Quite cute and harmless: These meerkats in the Kalahari desert are brushed on riot. They are trying to drive a rival group of meerkats out of their territory through a synchronous “war dance”.
Meerkats are very social – within their group. Their colonies of up to 30 animals live together in caves they have dug themselves, raise their young together and keep watch over them. The individual colony members even recognize each other by the voice.
But as social as the meerkats are towards their clan members – they have no pardon for strangers. If a rival meerkat group invades their territory, they show a pronounced aggression. The local meerkats often try to drive the invaders away through a war dance. The animals straighten up on their hind legs, fluff up their fur and trudge towards their rivals in an almost synchronous formation.

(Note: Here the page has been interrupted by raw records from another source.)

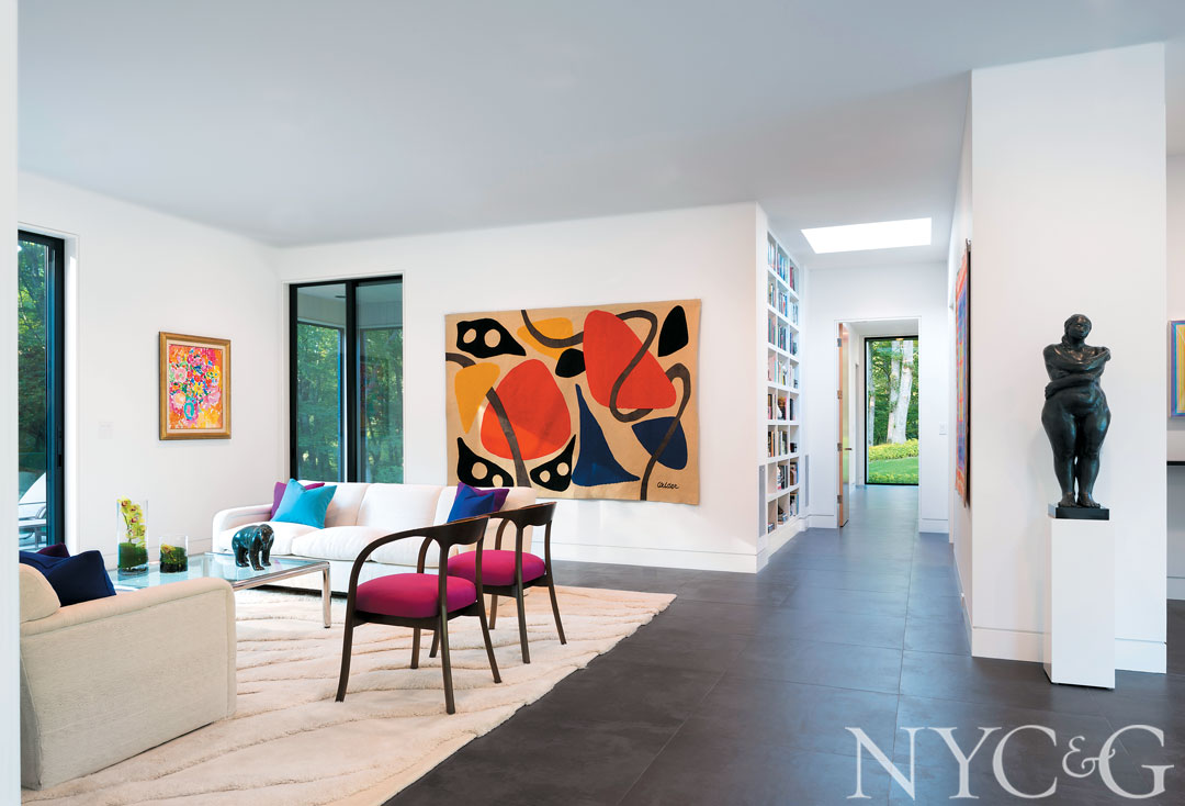 This single-story house in Westchester County is a repository for a notable collection of modern art—and a work of art in itself. Architect Carol Kurth incorporated generous swaths of indigenous stone and cedar, along with glass, to create a home that appears seamless with its natural setting, and also added elegant horizontal overhangs that foster a passive solar effect. Judge Sandra Nunnerley comments on the “good massing of architecture” that makes for a “nice and clean” residence.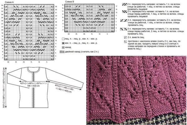 ![Узоры для вязания спицами со схемами для женских кофточек]()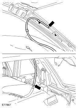 ^ If a headliner is to be replaced, it is imperative that the washer hose and wiring harness are installed to their original positions. Failure to follow these instructions may impede the side air curtain module performance.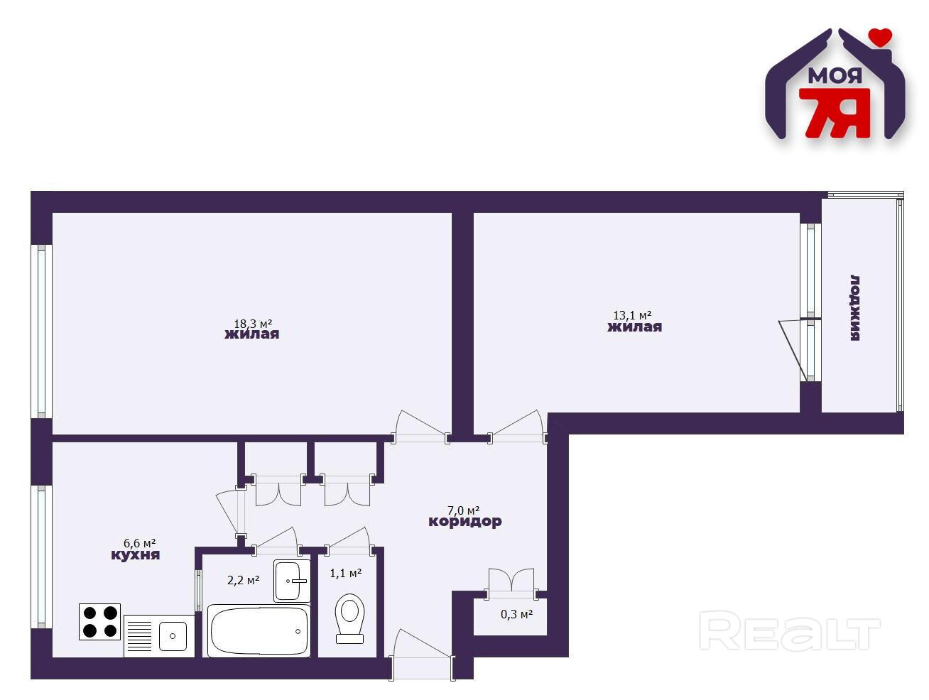 Двушка расположена на четвертом этаже. Ее общая площадь 51 квадрат, а жилой метраж — 31 квадрат (комнаты по 18 и 13 квадратов). Кухня занимает 7 метров. А вот планировка квартиры.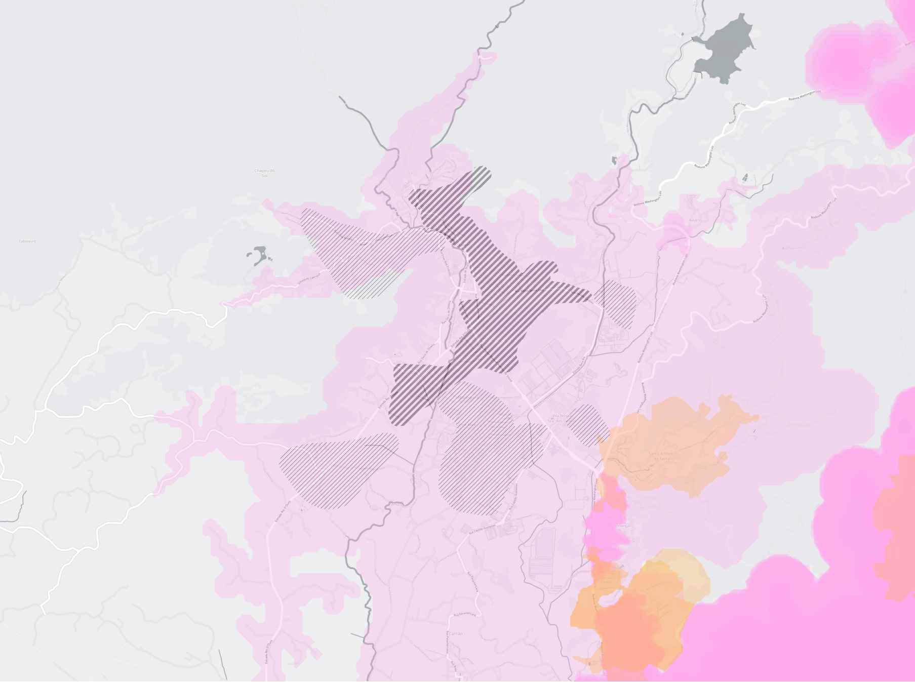 Les limites de la forêt et la façon dont elle touche la ville offrent cependant des situations intéressantes. Cette frontière est diffuse et pas très cohérente, car parfois c’est juste un mur construit tandis que d’autres c’est une pente raide ou des maisons auto-construites entourant une montagne déboisée. Dans tous les cas, il y a des points où cette frontière est déjà utilisée comme infrastructure pour la population locale, par exemple avec le mur à côté de l’entrée de la cascade, qui est utilisé comme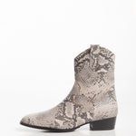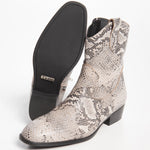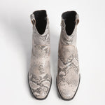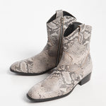 Botines tipo Chelsea fabricados en piel de res, con un diseño y acabado de cobra en color beige. Cuentan con cierre lateral plateado y la emblemática placa de Thoro 650 en la suela.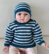 This easy knit, striped, 4ply jumper has a round neck, set-in sleeves and buttons at the shoulder making it easy to get on and off. The matching beanie features stripes and a rib brim. The set has been photographed in size 0 months.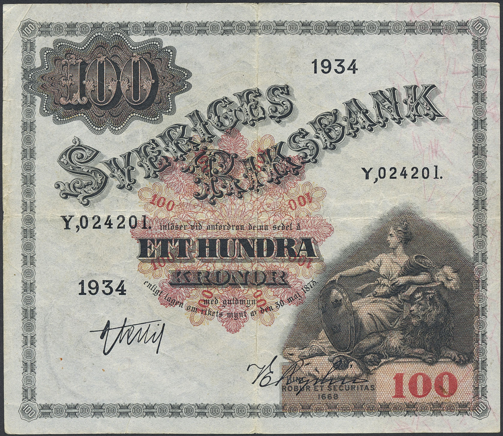 Banknotes, Sweden. SF U8:17, 100 kronor 1934. Y02420l. 1/1+.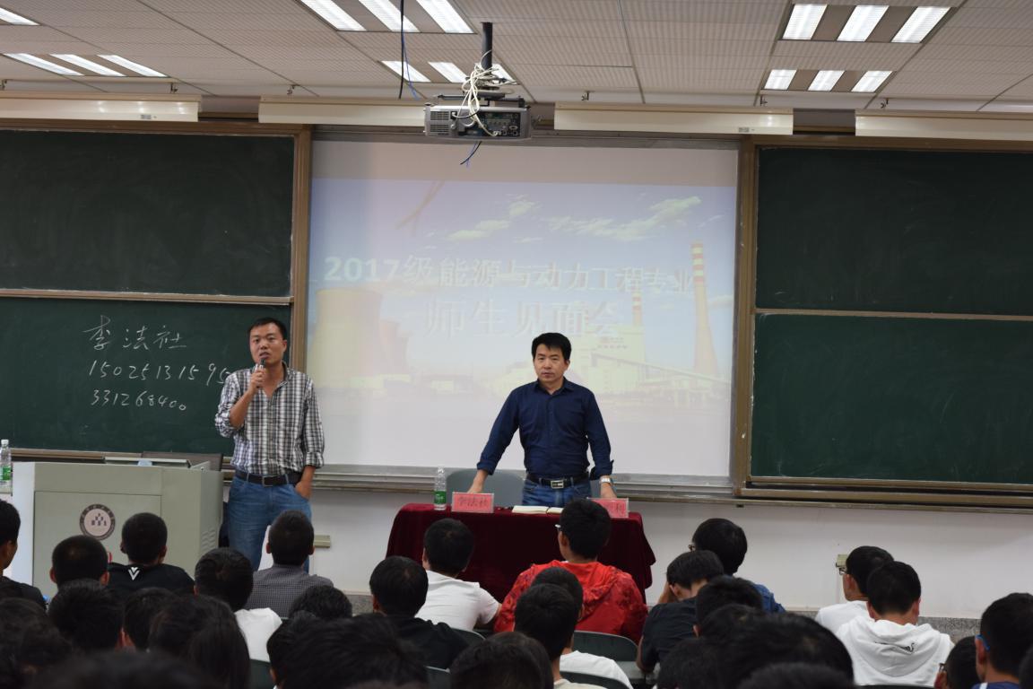 冶金与能源工程学院在多媒体420教室顺利开展能动专业师生见面会。本次见面会有幸邀请到能动专业系主任李法社老师,系副主任吕顺利老师到会,能动专业17级所有新生参加本次见面会。

This photo shows a group of meerkats in the Kalahari doing such a war dance. This impressive performance is often enough to scare off the opponents, so that there is no fight at all, as biologists from the Kalahari Meerkat Project observed. Fighting only occurred in nine percent of the cases, and at least one meerkat was killed.
“Although this aggression between groups rarely leads to animal killing, it is important for meerkats to win such clashes – only then will they keep their territory,” said Mark Dyble of the University of Cambridge. “In the hostile semi-desert of the Kalahari, good territory is crucial for the survival of the group and its long-term success.”